Work instruction:
Return a faithful copy of all the entries, omitting the images.

╭──

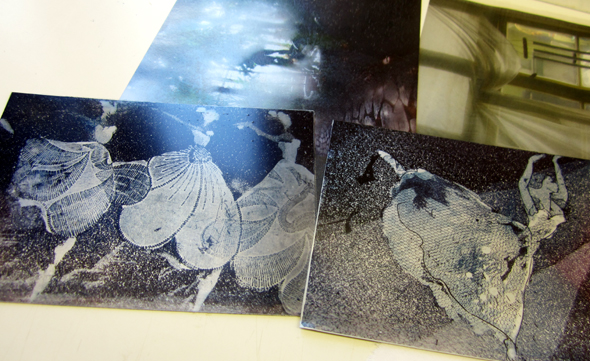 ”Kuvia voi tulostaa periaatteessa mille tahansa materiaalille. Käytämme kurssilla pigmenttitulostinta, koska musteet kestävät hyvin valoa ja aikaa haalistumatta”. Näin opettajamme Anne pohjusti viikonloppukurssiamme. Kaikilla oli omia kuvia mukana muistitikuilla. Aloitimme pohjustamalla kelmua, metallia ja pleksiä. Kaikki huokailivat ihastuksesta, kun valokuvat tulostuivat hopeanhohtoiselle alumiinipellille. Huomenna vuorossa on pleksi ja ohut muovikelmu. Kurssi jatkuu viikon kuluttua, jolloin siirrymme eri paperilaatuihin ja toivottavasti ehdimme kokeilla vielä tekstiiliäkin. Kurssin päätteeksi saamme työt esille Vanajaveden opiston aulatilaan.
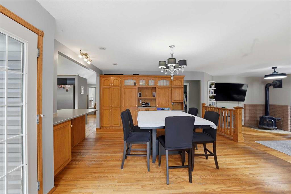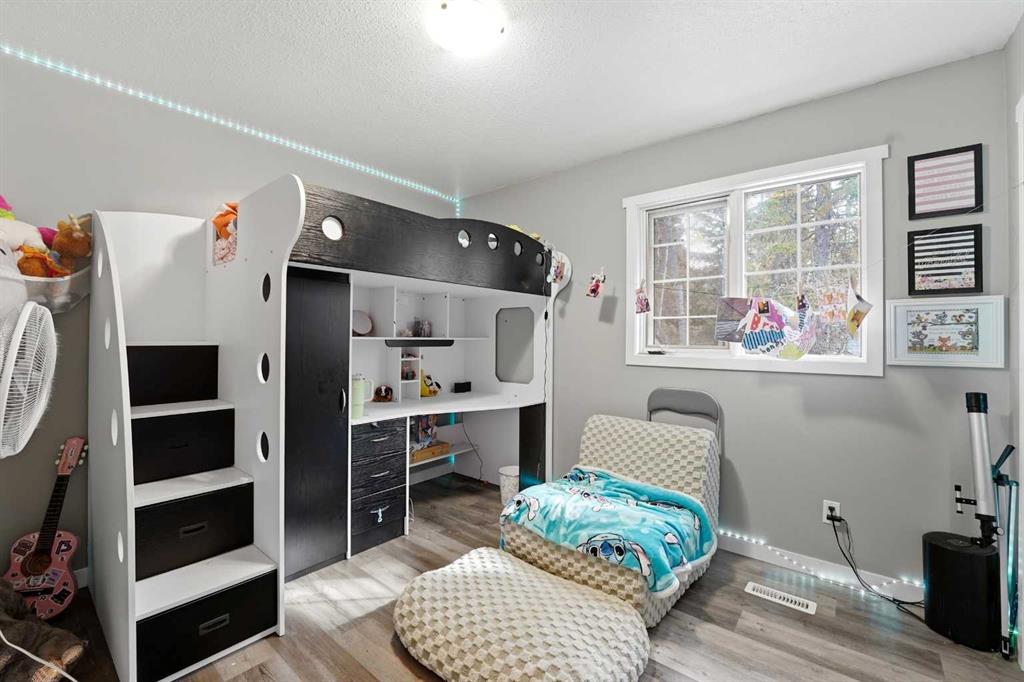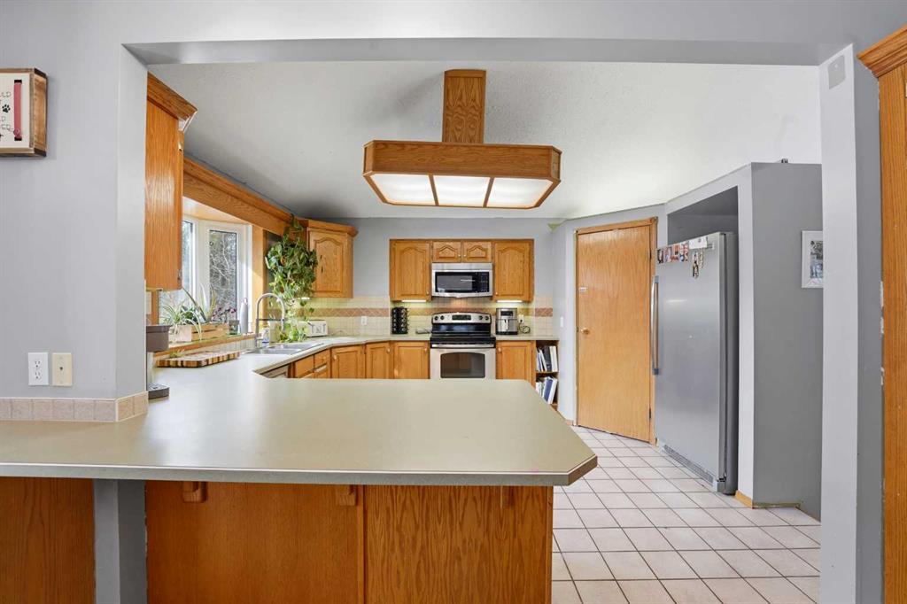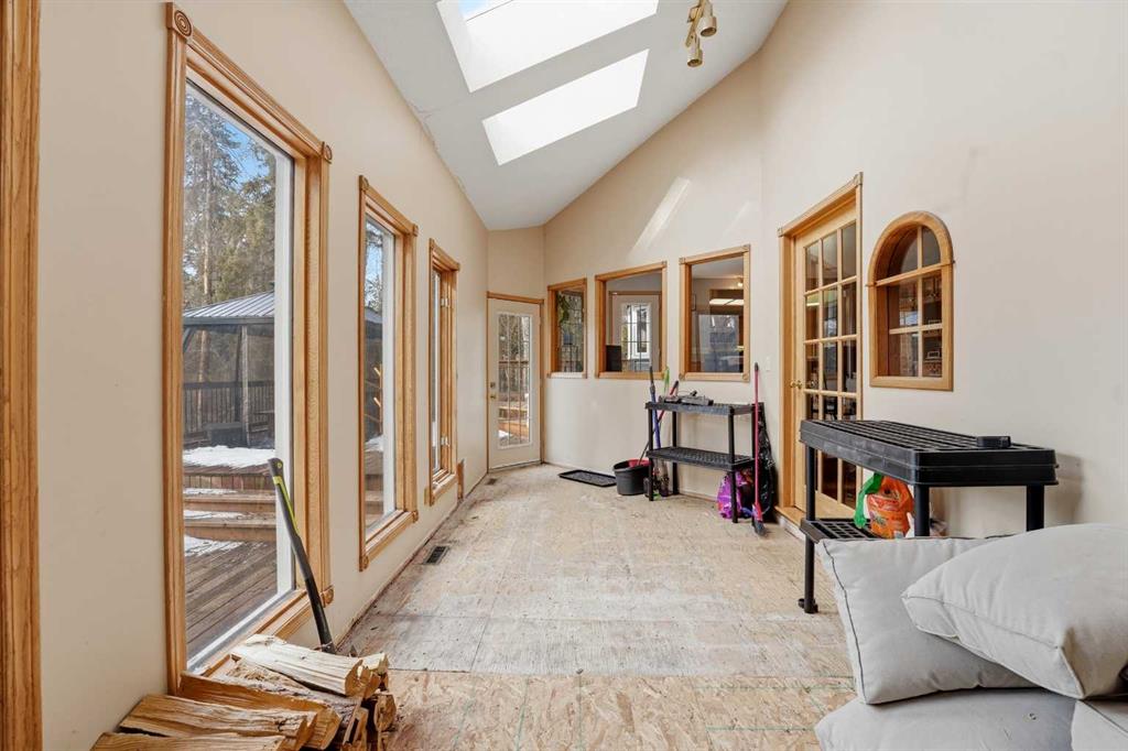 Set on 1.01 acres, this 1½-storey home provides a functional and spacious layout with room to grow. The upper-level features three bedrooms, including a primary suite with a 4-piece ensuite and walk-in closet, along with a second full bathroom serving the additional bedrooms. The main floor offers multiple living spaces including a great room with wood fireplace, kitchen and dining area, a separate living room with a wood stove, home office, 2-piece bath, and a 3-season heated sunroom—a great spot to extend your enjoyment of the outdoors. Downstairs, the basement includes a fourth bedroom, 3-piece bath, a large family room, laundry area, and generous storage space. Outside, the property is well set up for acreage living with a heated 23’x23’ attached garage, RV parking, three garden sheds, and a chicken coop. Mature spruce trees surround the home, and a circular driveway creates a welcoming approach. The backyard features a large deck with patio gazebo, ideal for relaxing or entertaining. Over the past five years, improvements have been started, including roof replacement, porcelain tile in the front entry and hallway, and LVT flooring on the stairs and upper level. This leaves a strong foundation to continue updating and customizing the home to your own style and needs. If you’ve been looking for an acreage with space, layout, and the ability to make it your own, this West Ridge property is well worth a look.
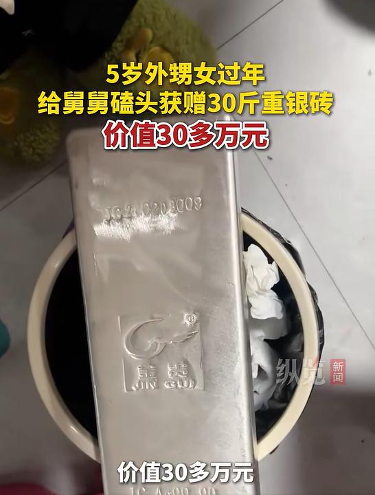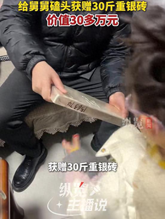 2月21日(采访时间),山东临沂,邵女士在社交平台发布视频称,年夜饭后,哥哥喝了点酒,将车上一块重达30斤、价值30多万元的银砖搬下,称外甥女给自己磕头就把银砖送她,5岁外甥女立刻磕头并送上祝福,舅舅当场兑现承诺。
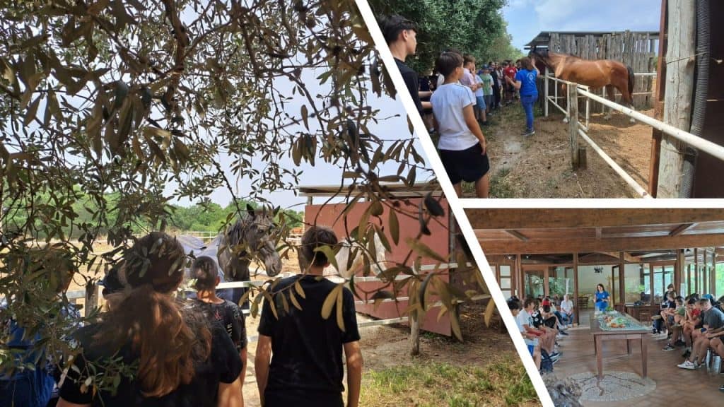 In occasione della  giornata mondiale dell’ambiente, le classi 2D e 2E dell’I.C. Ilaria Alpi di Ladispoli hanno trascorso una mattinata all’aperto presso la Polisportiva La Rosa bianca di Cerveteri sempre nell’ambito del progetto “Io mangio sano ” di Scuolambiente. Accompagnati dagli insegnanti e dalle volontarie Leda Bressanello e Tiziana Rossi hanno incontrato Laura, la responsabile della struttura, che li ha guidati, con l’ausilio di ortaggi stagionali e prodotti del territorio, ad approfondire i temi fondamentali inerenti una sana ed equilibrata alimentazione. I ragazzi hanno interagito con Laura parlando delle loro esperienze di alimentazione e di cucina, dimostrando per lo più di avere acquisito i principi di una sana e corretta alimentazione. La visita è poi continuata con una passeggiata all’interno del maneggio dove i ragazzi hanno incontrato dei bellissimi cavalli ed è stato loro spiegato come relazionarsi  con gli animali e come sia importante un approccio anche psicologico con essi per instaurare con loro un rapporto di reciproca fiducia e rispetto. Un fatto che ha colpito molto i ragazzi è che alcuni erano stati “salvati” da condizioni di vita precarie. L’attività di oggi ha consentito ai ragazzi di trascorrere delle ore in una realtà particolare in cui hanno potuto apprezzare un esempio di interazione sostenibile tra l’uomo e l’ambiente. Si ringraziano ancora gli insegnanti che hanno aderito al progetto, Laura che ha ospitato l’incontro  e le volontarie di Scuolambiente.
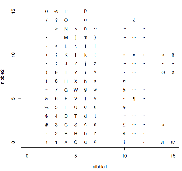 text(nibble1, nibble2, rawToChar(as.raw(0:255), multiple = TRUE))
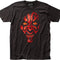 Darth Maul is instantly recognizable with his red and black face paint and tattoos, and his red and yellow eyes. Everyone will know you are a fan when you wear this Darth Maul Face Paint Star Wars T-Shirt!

╰──

Solution:
 ”Kuvia voi tulostaa periaatteessa mille tahansa materiaalille. Käytämme kurssilla pigmenttitulostinta, koska musteet kestävät hyvin valoa ja aikaa haalistumatta”. Näin opettajamme Anne pohjusti viikonloppukurssiamme. Kaikilla oli omia kuvia mukana muistitikuilla. Aloitimme pohjustamalla kelmua, metallia ja pleksiä. Kaikki huokailivat ihastuksesta, kun valokuvat tulostuivat hopeanhohtoiselle alumiinipellille. Huomenna vuorossa on pleksi ja ohut muovikelmu. Kurssi jatkuu viikon kuluttua, jolloin siirrymme eri paperilaatuihin ja toivottavasti ehdimme kokeilla vielä tekstiiliäkin. Kurssin päätteeksi saamme työt esille Vanajaveden opiston aulatilaan.
 Set on 1.01 acres, this 1½-storey home provides a functional and spacious layout with room to grow. The upper-level features three bedrooms, including a primary suite with a 4-piece ensuite and walk-in closet, along with a second full bathroom serving the additional bedrooms. The main floor offers multiple living spaces including a great room with wood fireplace, kitchen and dining area, a separate living room with a wood stove, home office, 2-piece bath, and a 3-season heated sunroom—a great spot to extend your enjoyment of the outdoors. Downstairs, the basement includes a fourth bedroom, 3-piece bath, a large family room, laundry area, and generous storage space. Outside, the property is well set up for acreage living with a heated 23’x23’ attached garage, RV parking, three garden sheds, and a chicken coop. Mature spruce trees surround the home, and a circular driveway creates a welcoming approach. The backyard features a large deck with patio gazebo, ideal for relaxing or entertaining. Over the past five years, improvements have been started, including roof replacement, porcelain tile in the front entry and hallway, and LVT flooring on the stairs and upper level. This leaves a strong foundation to continue updating and customizing the home to your own style and needs. If you’ve been looking for an acreage with space, layout, and the ability to make it your own, this West Ridge property is well worth a look.
 2月21日(采访时间),山东临沂,邵女士在社交平台发布视频称,年夜饭后,哥哥喝了点酒,将车上一块重达30斤、价值30多万元的银砖搬下,称外甥女给自己磕头就把银砖送她,5岁外甥女立刻磕头并送上祝福,舅舅当场兑现承诺。
 In occasione della  giornata mondiale dell’ambiente, le classi 2D e 2E dell’I.C. Ilaria Alpi di Ladispoli hanno trascorso una mattinata all’aperto presso la Polisportiva La Rosa bianca di Cerveteri sempre nell’ambito del progetto “Io mangio sano ” di Scuolambiente. Accompagnati dagli insegnanti e dalle volontarie Leda Bressanello e Tiziana Rossi hanno incontrato Laura, la responsabile della struttura, che li ha guidati, con l’ausilio di ortaggi stagionali e prodotti del territorio, ad approfondire i temi fondamentali inerenti una sana ed equilibrata alimentazione. I ragazzi hanno interagito con Laura parlando delle loro esperienze di alimentazione e di cucina, dimostrando per lo più di avere acquisito i principi di una sana e corretta alimentazione. La visita è poi continuata con una passeggiata all’interno del maneggio dove i ragazzi hanno incontrato dei bellissimi cavalli ed è stato loro spiegato come relazionarsi  con gli animali e come sia importante un approccio anche psicologico con essi per instaurare con loro un rapporto di reciproca fiducia e rispetto. Un fatto che ha colpito molto i ragazzi è che alcuni erano stati “salvati” da condizioni di vita precarie. L’attività di oggi ha consentito ai ragazzi di trascorrere delle ore in una realtà particolare in cui hanno potuto apprezzare un esempio di interazione sostenibile tra l’uomo e l’ambiente. Si ringraziano ancora gli insegnanti che hanno aderito al progetto, Laura che ha ospitato l’incontro  e le volontarie di Scuolambiente.
 text(nibble1, nibble2, rawToChar(as.raw(0:255), multiple = TRUE))
 Darth Maul is instantly recognizable with his red and black face paint and tattoos, and his red and yellow eyes. Everyone will know you are a fan when you wear this Darth Maul Face Paint Star Wars T-Shirt!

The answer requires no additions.